What this task involves
Once the line with "В нашей конфигурации" is reached, output it and every line after it, exactly, through the end of the records below. Pictures are skipped.

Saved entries
+-------+
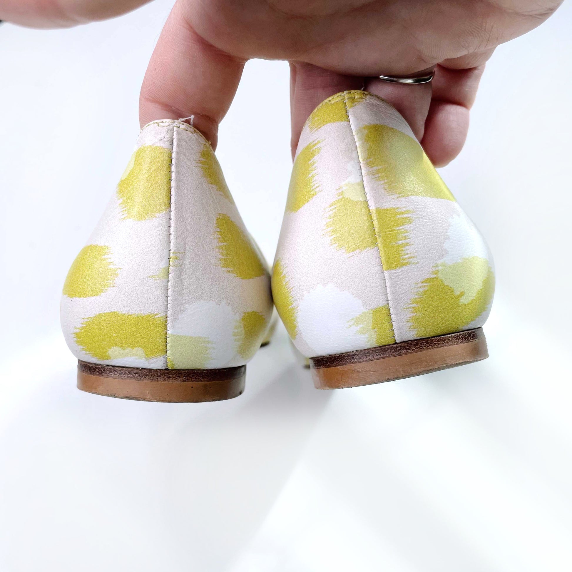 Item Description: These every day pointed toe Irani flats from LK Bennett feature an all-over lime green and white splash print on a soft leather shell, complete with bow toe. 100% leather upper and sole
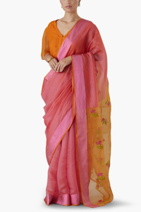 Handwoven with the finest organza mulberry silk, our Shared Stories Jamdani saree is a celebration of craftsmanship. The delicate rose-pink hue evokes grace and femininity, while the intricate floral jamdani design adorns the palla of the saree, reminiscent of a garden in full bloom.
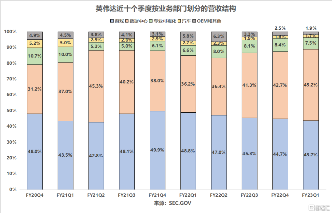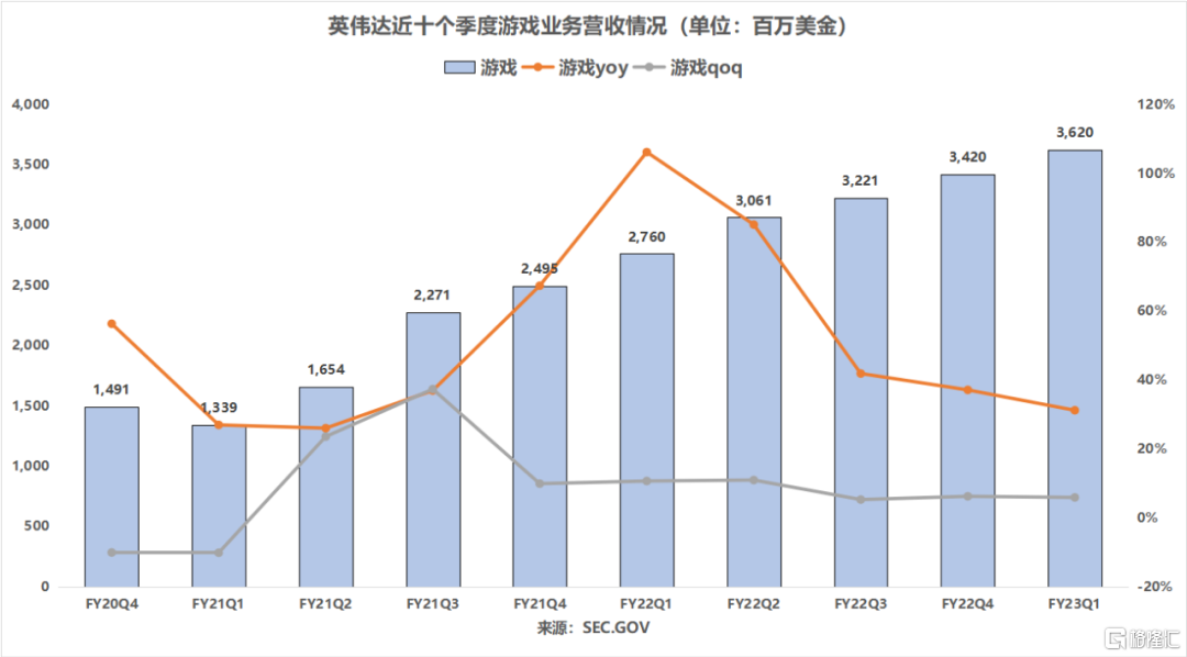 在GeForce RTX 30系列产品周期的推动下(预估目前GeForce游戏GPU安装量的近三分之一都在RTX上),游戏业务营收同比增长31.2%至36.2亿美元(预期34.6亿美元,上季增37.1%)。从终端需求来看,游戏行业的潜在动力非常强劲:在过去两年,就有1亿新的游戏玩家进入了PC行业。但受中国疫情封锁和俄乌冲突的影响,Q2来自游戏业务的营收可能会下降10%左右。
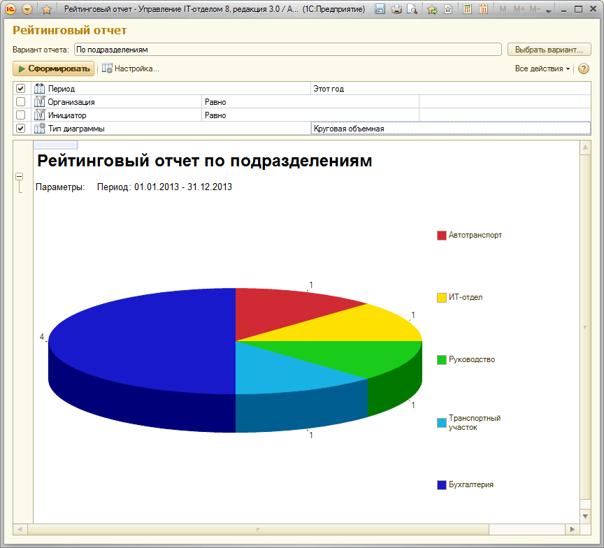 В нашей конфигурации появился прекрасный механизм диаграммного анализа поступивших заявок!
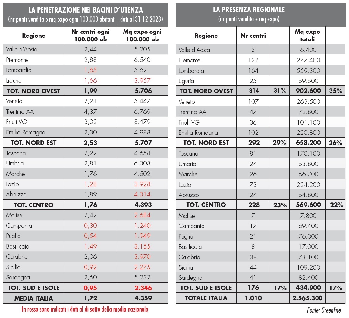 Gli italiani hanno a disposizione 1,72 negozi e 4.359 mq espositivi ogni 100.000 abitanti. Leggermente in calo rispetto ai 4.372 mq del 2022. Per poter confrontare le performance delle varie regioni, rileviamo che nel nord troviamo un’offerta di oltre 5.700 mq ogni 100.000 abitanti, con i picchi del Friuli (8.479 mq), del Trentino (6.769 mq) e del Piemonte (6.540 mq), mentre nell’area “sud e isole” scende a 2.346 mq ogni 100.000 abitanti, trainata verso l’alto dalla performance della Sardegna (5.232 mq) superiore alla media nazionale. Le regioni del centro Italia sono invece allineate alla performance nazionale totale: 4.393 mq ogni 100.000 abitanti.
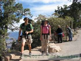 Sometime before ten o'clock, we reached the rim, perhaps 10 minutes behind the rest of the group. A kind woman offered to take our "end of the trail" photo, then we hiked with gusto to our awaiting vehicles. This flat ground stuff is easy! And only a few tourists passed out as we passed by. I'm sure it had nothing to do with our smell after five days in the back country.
+-------+
Response below
 В нашей конфигурации появился прекрасный механизм диаграммного анализа поступивших заявок!
 Gli italiani hanno a disposizione 1,72 negozi e 4.359 mq espositivi ogni 100.000 abitanti. Leggermente in calo rispetto ai 4.372 mq del 2022. Per poter confrontare le performance delle varie regioni, rileviamo che nel nord troviamo un’offerta di oltre 5.700 mq ogni 100.000 abitanti, con i picchi del Friuli (8.479 mq), del Trentino (6.769 mq) e del Piemonte (6.540 mq), mentre nell’area “sud e isole” scende a 2.346 mq ogni 100.000 abitanti, trainata verso l’alto dalla performance della Sardegna (5.232 mq) superiore alla media nazionale. Le regioni del centro Italia sono invece allineate alla performance nazionale totale: 4.393 mq ogni 100.000 abitanti.
 Sometime before ten o'clock, we reached the rim, perhaps 10 minutes behind the rest of the group. A kind woman offered to take our "end of the trail" photo, then we hiked with gusto to our awaiting vehicles. This flat ground stuff is easy! And only a few tourists passed out as we passed by. I'm sure it had nothing to do with our smell after five days in the back country.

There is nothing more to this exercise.